In this paper, $Al_2O_3$ film deposited by thermal atomic layer deposition (ALD) with diluted $NH_4OH$ instead of $H_2O$ was suggested for passivation layer and anti-reflection (AR) coating of the p-type crystalline Si (c-Si) solar cell application. It was confirmed that the deposition rate and refractive index of $Al_2O_3$ film was proportional to the $NH_4OH$ concentration. $Al_2O_3$ film deposited with 5 % $NH_4OH$ has the greatest negative fixed oxide charge density ($Q_f$), which can be explained by aluminum vacancies ($V_{Al}$) or oxygen interstitials ($O_i$) under O-rich condition. $Al_2O_3$ film deposited with $NH_4OH$ 5 % condition also shows lower interface trap density ($D_{it}$) distribution than those of other conditions.

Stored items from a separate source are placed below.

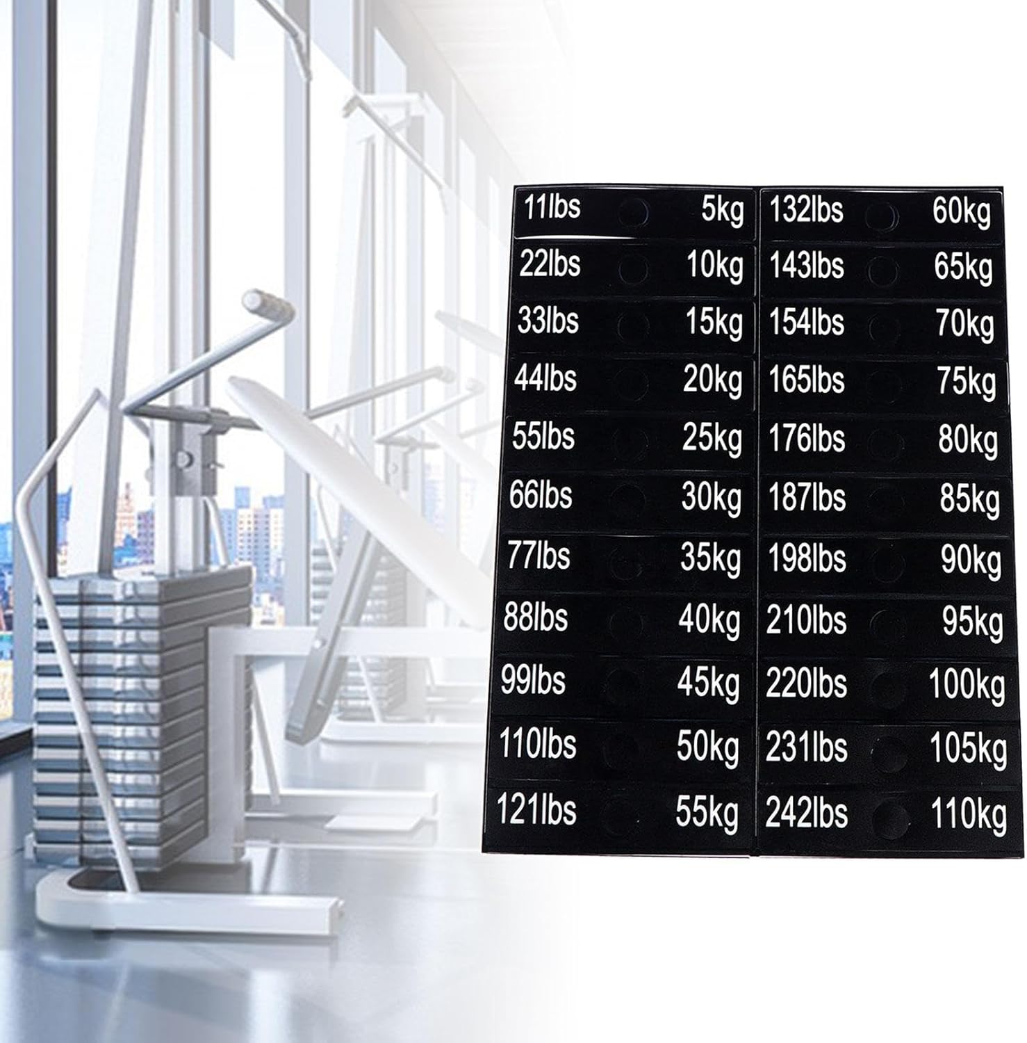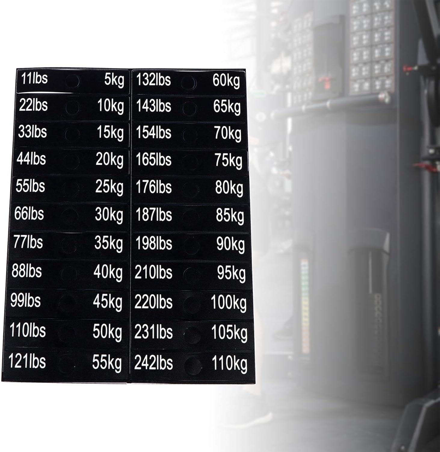 Weight Stack Labels for Gym Equipment – 5 kg to 110 kg / 11 lbs to 242 lbs – Self-Adhesive Number Stickers
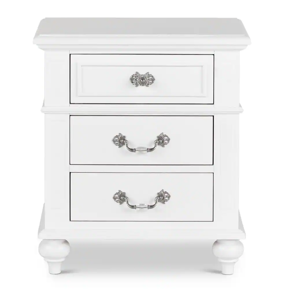 None 3-Drawer White Wood Nightstand End Table 30.3 in. W x 32.3 in. H x 15.7 in. D
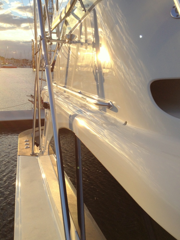 One of our most recent jobs was polishing the magnificent Assegai 44 ‘Megumi’. She is owned and operated by Brisbane Sportfishing Adventure Club and captained by Ken Brown, or ‘Brownie’ as he is better known from his Channel Seven days.
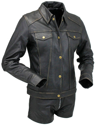Frontier Black Leather Shirt for Women #LS43K (XS-M)
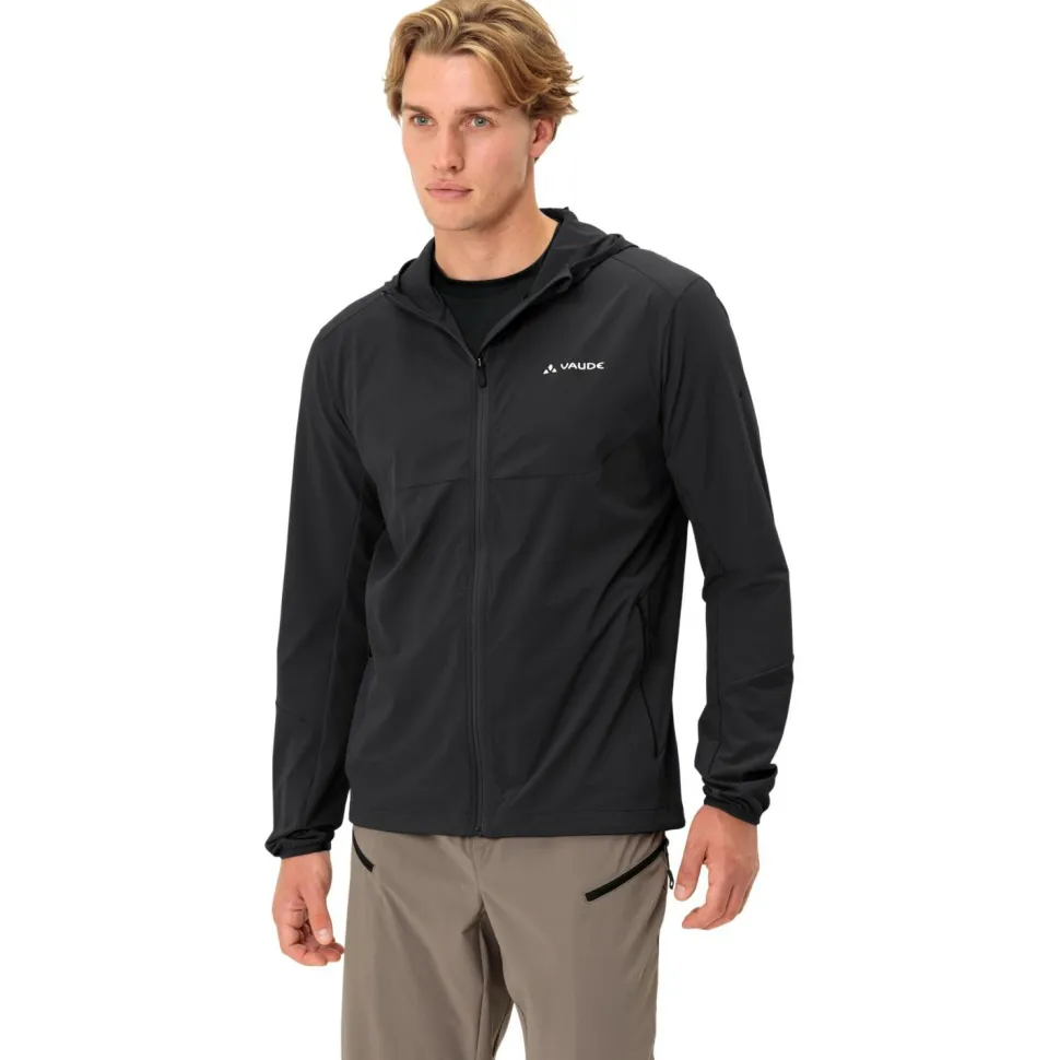 Die Moab Jacket IV Fahrradjacke von Vaude ist funktionell und ergonomisch perfekt auf die Bedürfnisse sportlicher Mountainbiker angepasst. Sie ist als wasserabweisende Softshelljacke konzipiert, die besonders atmungsaktiv ist und etwa 80% des Fahrtwindes abblockt. So sorgt das funktionelle Gewebe für gute Ventilation und transportiert die Feuchtigkeit vom Körper nach außen. Um die Ventilation noch zu verstärken können Mountainbiker die beiden Fronttaschen öffnen und damit einen zusätzlichen Luftdurchzug in der Bike-Jacke realisieren. Ebenfalls in den Taschen befinden sich die einstellbaren Kordelzüge, mit denen sich die Jacke am Saum individuell einstellen lässt. Für guten Windschutz am Hals und Kopf verfügt die Moab Jacket IV Fahrradjacke über einen hochgeschnittenen Kragen und eine wetterfeste Kapuze, die sich bei Bedarf auch platzsparend aufrollen lässt. Die Vaude Jacke ist mit ihrer strapazierfähigen Materialmischung aus Polyamid und Elasthan und den ergonomisch vorgeformten Ärmeln besonders bewegungsfreundlich.

At $NH_4OH$ 5 % condition, moreover, $Al_2O_3$ film shows the highest excess carrier lifetime (${\tau}_{PCD}$) and the lowest surface recombination velocity ($S_{eff}$), which are linked with its passivation properties. The proposed $Al_2O_3$ film deposited with diluted $NH_4OH$ is very promising for passivation layer and AR coating of the p-type c-Si solar cell.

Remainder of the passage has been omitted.